バイト先の本屋は、あれから数倍、騒がしい場所になっていた。
「あのね、しおりーん?」
村川さんが呆れて言った。
「なあに、ムーラちゃん」
詩織さんのほうはというと、なにを言われるのかわかっているが、ふてぶてしく知らぬふりをしている。
そもそも詩織さんは、遅番で一番下っ端、のはずなのに、なぜか堂々としている。
だいたい研修の時からむすっとレジに立ち、「わたしみたいななにも知らない人間、失敗するの当たり前だし、わたしを一人にするってことは、なにが起きてもかまわないってことでしょ」などと言い放った。すごい。そのマインド、逆に尊敬する。
「あんたねえ、取り置きするならさっさと買いなさいよ。在庫のデータ残ってるから、あるんじゃないかって、お客さんから電話きちゃうから」
「だって、買うことは決まってるんだけど、なんていうか踏ん切りがつかないっていうか」
レジの後ろにある取り置き雑誌コーナーに、詩織さんの取り置き雑誌が会計されるのを待っている。

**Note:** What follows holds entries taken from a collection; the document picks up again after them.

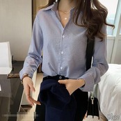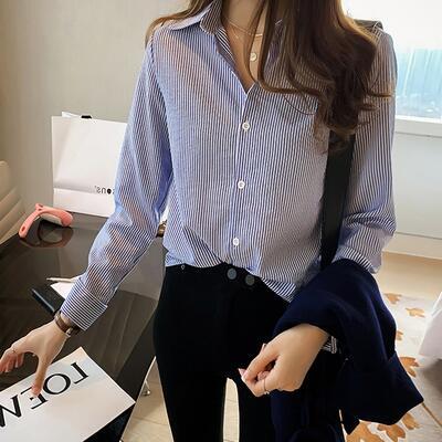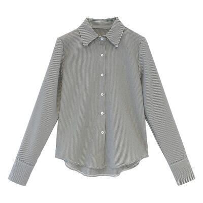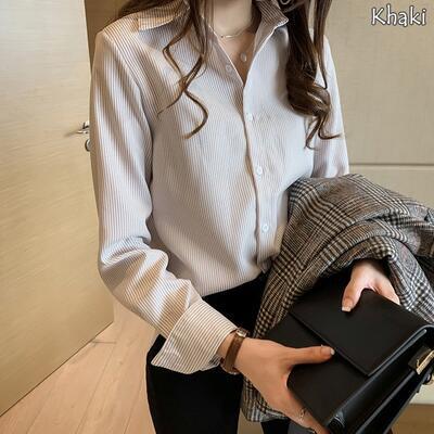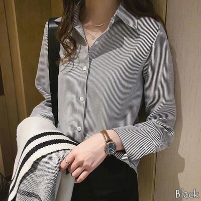 全3色 おしゃれ フェミニン エレガント 可愛い シンプル【セール クーポン利用で3390円】トップス レディース ブラウス シャツ きれいめ カジュアル 長袖 ストライプ レギュラーカラー ナチュラル オフィス 大きいサイズ ブルー 青 ブラック 黒 カーキ 春 夏 秋 20代 30代 40代 50代
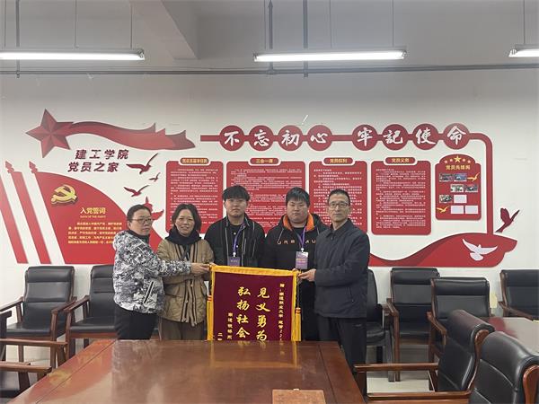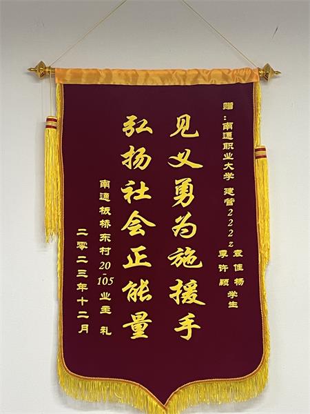 中国江苏网1月8日南通讯 新年伊始,南通职业大学建管222Z班季许颖、袁佳杨同学收到了“见义勇为施援手、弘扬社会正能量”这样一面红绒烫金大字锦旗,在天寒地冻的时节诠释了南通职大青年火热的青春风采!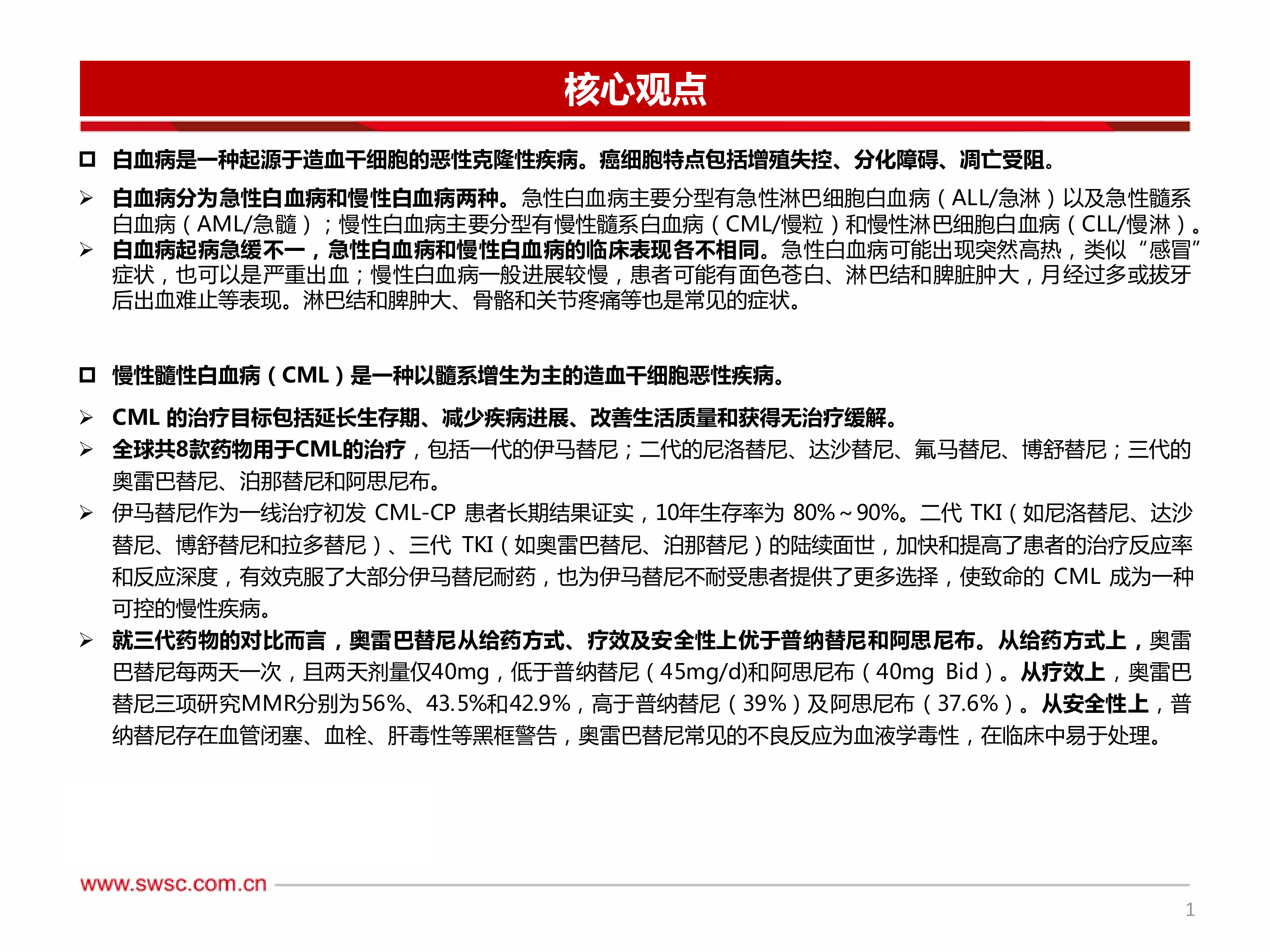 本报告的核心观点是:髓系白血病(包括慢性髓系白血病CML和急性髓系白血病AML)的治疗正经历着革命性的变化,Bcl-2抑制剂和三代BCR-ABL激酶抑制剂的出现显著改善了患者的预后。报告通过对CML和AML的疾病特征、治疗现状及相关药物的分析,阐述了这些新药的临床意义和市场前景,并指出了创新药研发及市场推广中存在的风险。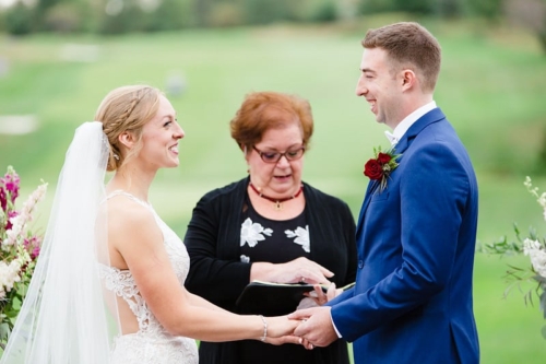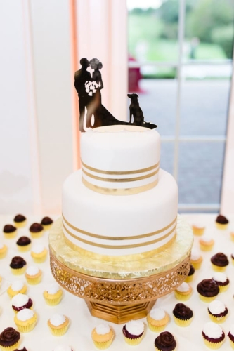 A1: We got married in Northern Virginia on a gorgeous fall day. We wanted to do the wedding somewhere local for us and away from the hustle and bustle of the city (Washington DC). Our venue had a beautiful outdoor ceremony space overlooking a golf course, which was exactly the kind of setting we were looking for. We chose colors that we thought were perfect for fall: deep blue, burgundy, and gold as an accent color. We thought that combination of colors really popped in our wedding photos. While we did not incorporate any cultural or religious traditions into the day, we did personalize the wedding ceremony and reception as much as possible. For the ceremony, or civil celebrant shared with our guests the story of how we met and our 6 year journey together leading up to our wedding. For the reception, we had childhood photographs of us at various ages on the tables to correspond with the table numbers. We also featured a picture of our rescue dog Scout in the rotunda of the venue with a sign noting the donations we made to two animal rescues in lieu of wedding favors.

「意味わかんないから! もう今日買わないと、お客さんに売るよ」
「鬼!」
「鬼でけっこう!」
二人のやりとりをそばで聞きながら、ぼくは関わらないようにモップを持って店内清掃をしようとレジから離れようとした。
「ちょっと、和寿くん」
森川さんがぼくを呼び止めた。
「……なんですか」
「きみ、わたしたちに言うことないの?」
なにもかお見通しよ、という目だ。
「べつに、ないですけど」
別になにも隠し事はしていない、はずだ。
「ふーん、しおりんの雑誌のおかげで奥に隠れちゃってるけど、定期購読のシナリオ雑誌、きてるよ」
それか……。
「帰りに買います」
ぼくは顔を伏せた。
「表紙に、新人賞一次通過者発表、ってあるよ」
村川さんがまるでトリックを見破った探偵みたいにドヤついた。
「わたしの知らぬ間にあんた、脚本なんて書いてたの?」
詩織さんが言った。自分のことをごまかそうとして、大袈裟に驚いている。こいつめ。
「ええ、まあ」
「そうよ〜、和寿くんはね、未来の山田太一だから!」
「誰それ?」
「最近のコは学がないわね。『ふぞろいの林檎たち』知らないの!?」
「知らんし」
「でた、自分の知らないものは有名じゃないって勘違いするやーつ!」
「じゃああらすじ教えてよ」
「中井貴一がね……」
「あの、レジで荒ぶるのやめてもらっていいですか……」
逃げたい。早退したい。
「じゃ、結果だけ」
森川さんが雑誌を開いた。
「いま!?」
「でしょ」
「いや、レジで商品、そんな読まないで」
「……じゃ、終わってからにする?」
残念そうに森川さんが雑誌を閉じた。
仕事が終わり、事務所で二人は待ち構えていた。
「じゃ、いきますか」
「どぅるるるるるるる」
詩織さんがドラムロールの口真似をした。こんなにコミカルな人だったのか。それ、シナリオに入れればよかった。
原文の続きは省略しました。